The filtering dicyclohexylurea (DCU) adds 50ml water, 0.75g 4-butyl ammonium hydrogen sulfate (0.005 mole) then in filtrate.Mixture is cooled to 0-5 ℃, to wherein adding the solution of 6.6g potassium hydroxide (0.1 mole) in 30ml water, under this temperature, stirred 30 minutes then, be separated two then.Water is acidified to pH1 with concentrated hydrochloric acid.Leach solid precipitation, wash with water and drying.Obtain 21.3g3-(L-pyroglutamyl base)-L-thiazolidine-4-carboxylic acid, m.p.193-194 ℃, yield 88%.
Following table has been listed and has been used different L-thiazolidine-4-carboxylicesterss, the result of reaction gained under condition same as the previously described embodiments.

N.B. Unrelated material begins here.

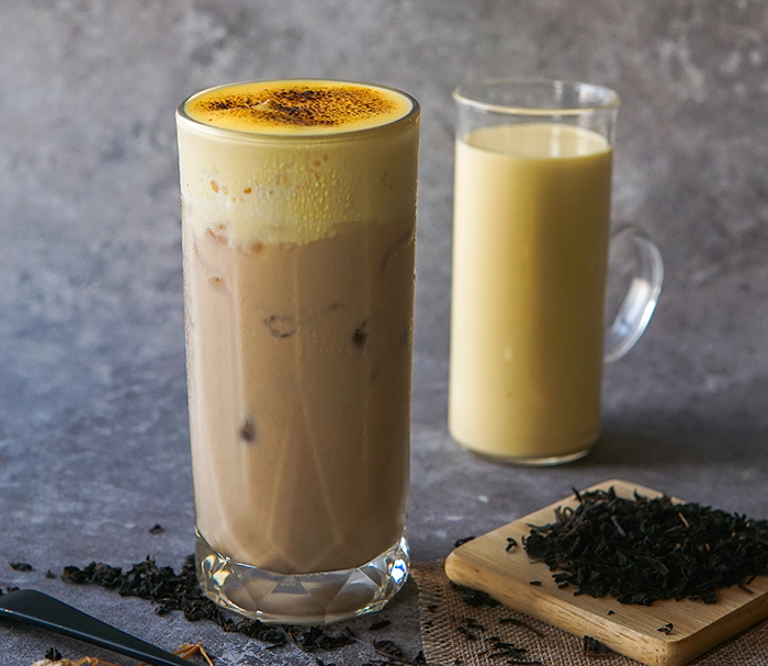 Một món trà sữa nướng khác sở hữu 3 HOT TREND trong một ly đồ uống không thể không nhắc đến Trà Sữa Nướng Kem Trứng Trân Châu Đường Đen. Vị ngọt ngậy của trà sữa nướng và kem trứng, kết hợp với vị ngọt ngào, dẻo mềm của trân châu đường đen, chắc chắn sẽ là một ly đồ uống không thể bỏ qua đối với những vị khách thích “béo ngậy, đậm đà, uống hoài không ngán”.

Table ester embodiment yield embodiment yield methyl esters 1 53 2 33 n-propyls 1 48 2 41 isopropyl esters 1 61 2 54

Claims (9)

1. compound method for preparing structural formula (III) Wherein, R 1Be H, C 1-C 6Alkyl, C 3-C 7Cycloalkyl, C 4-C 10The aryl of cycloalkylalkyl, aryl and replacement, C 2-C 5Carbalkoxy, C 2-C 10Alkyl-carbonyl, aryl carbonyl and aromatic alkyl carbonyl, C 8-C 13The aryloxy carbonyl of aryloxy carbonyl, replacement, this method comprises: a) compound of structural formula (I)
Figure A9519532200022
R wherein 1As defined above and X be OH, Cl or OR 2, R wherein 2Be reactive group, with the compound of structural formula (II)
Figure A9519532200023
R wherein 3Be H, C 3-C 9Trialkylsilanyl reacts in apolar aprotic solvent; B) ethyl ester that obtains in the step a) is carried out alkaline hydrolysis under condition of phase transition.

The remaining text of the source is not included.